• Stored data:
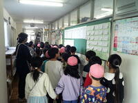 今日は、1年生が、近隣の幼稚園・保育園の園児を迎えて、学校の中を案内したり、一緒にお勉強をしたりしました。
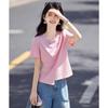Plissiertes Oberteil irreguläres kurzärmeliges Oberteil Sommer locker und Nische schlankmachendes T-Shirt Damenhemd
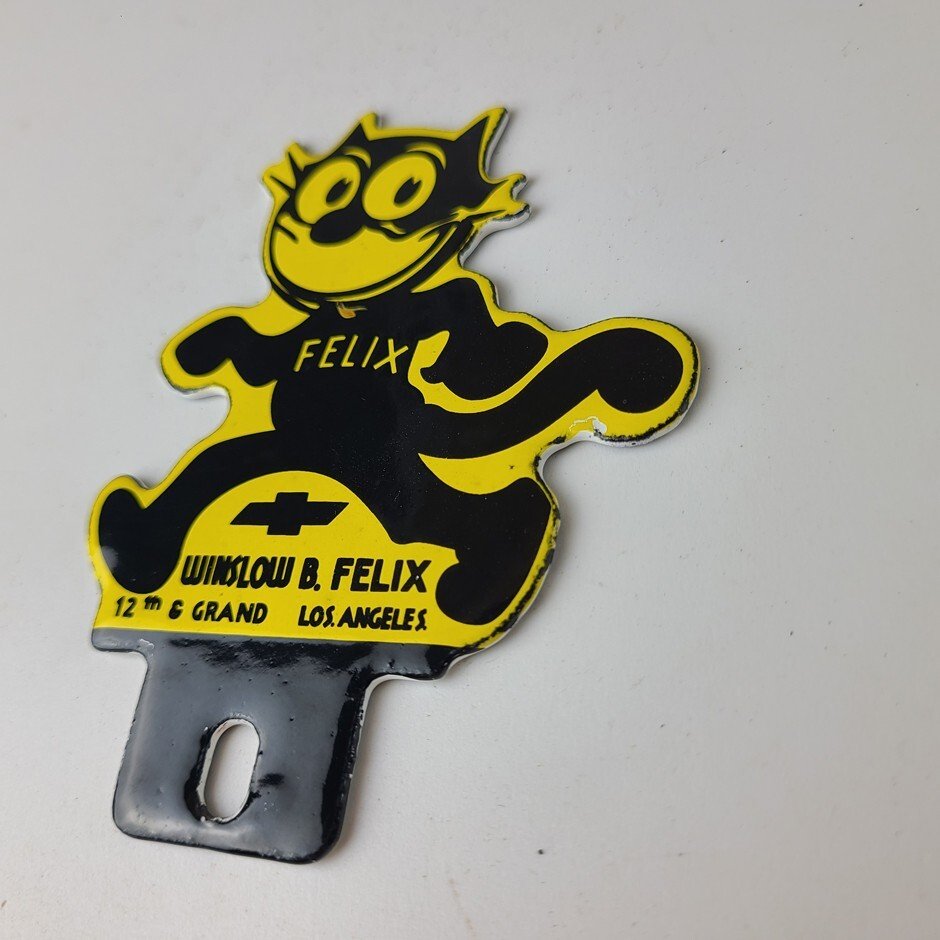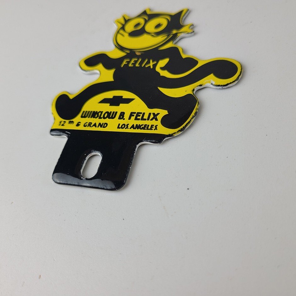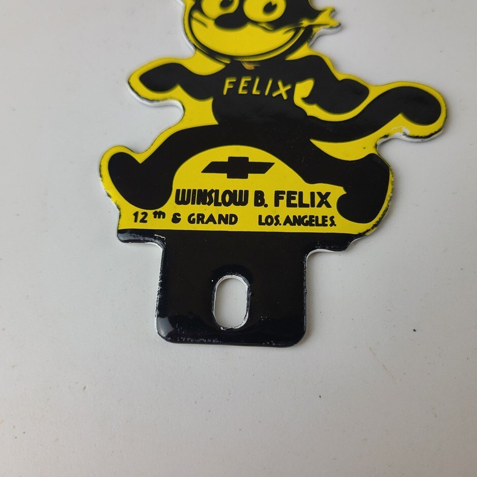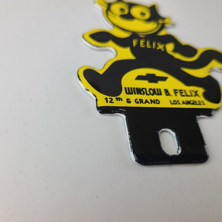 This vintage Chevrolet Felix the Cat porcelain license plate topper is a true gem for any collector of automotive, oil & gas memorabilia. featuring bold orange and black colors, this topper has excellent porcelain.
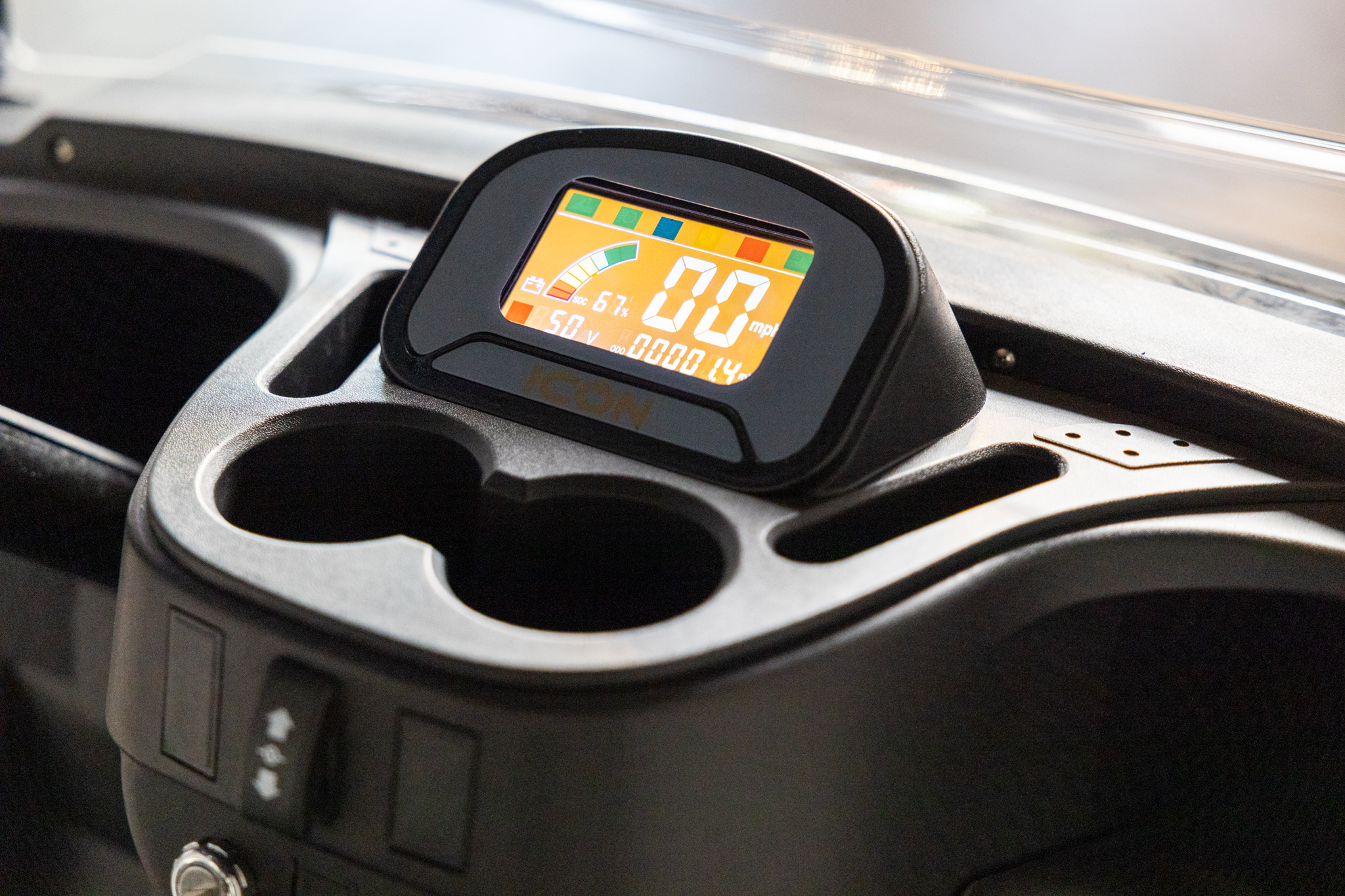 - Dash Components: Forward/Neutral/Reverse Switch, USB and 12V Plugs, Cubby Storage, Multiple Cup Holders, Key Switch, Instrumentation Cluster
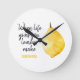 Modern Funny Lemon Yellow Zitat Runde Wanduhr
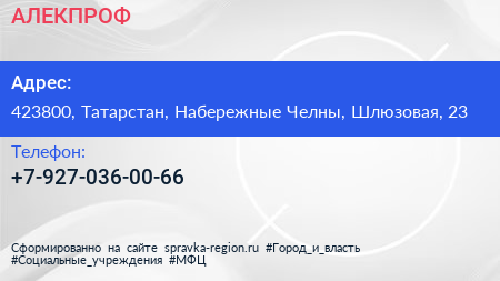 АЛЕКПРОФ по адресу 423800, Татарстан, Набережные Челны, Шлюзовая, 23 в дальнейшем Организация, размещена в следующих категориях:
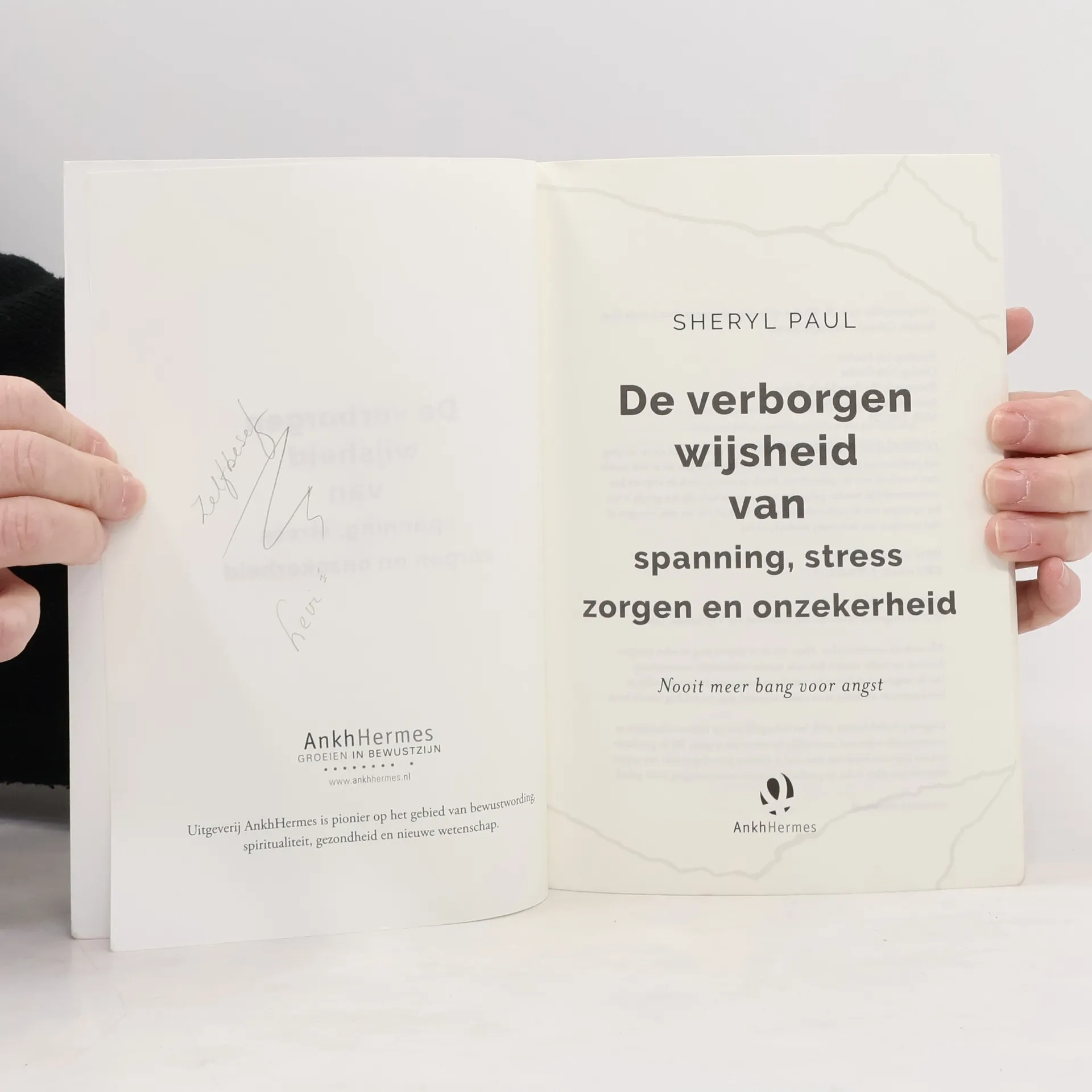De verborgen wijsheid van spanning, stress, zorgen en onzekerheid van Sheryl Paul neemt je mee naar de bron van je angsten en laat je compassie met jezelf voelen.In De verborgen wijsheid van spanning, stress, zorgen en onzekerheid. Nooit meer bang voor angst leert Sheryl Paul je om te gaan met angst. Je leert angst in te zetten om jezelf beter te leren kennen en te helen. Angst openbaart zich vaak als chronisch gepieker, paniekaanvallen, obsessies, dwangneurosen, in de vorm van slapeloosheid of lichamelijke klachten. Angst is op hol geslagen gevoeligheid. Sheryl Paul neemt je mee naar de bron van je angsten en laat je compassie met jezelf voelen. In dit diepgaande en tegelijkertijd praktische boek geeft ze oefeningen bij acute angst en oefeningen die je helpen diepere lagen van angst te ontcijferen en te helen. Alle inzichten om niet langer bang te zijn voor jouw angst.

• Brief: When you reach the line containing "Plissiertes Oberteil irreguläres" in the entries above, begin restating word for word, and stop once the line containing "This vintage Chevrolet" has been given. Omit the pictures.

• Reply to the task:
Plissiertes Oberteil irreguläres kurzärmeliges Oberteil Sommer locker und Nische schlankmachendes T-Shirt Damenhemd
 This vintage Chevrolet Felix the Cat porcelain license plate topper is a true gem for any collector of automotive, oil & gas memorabilia. featuring bold orange and black colors, this topper has excellent porcelain.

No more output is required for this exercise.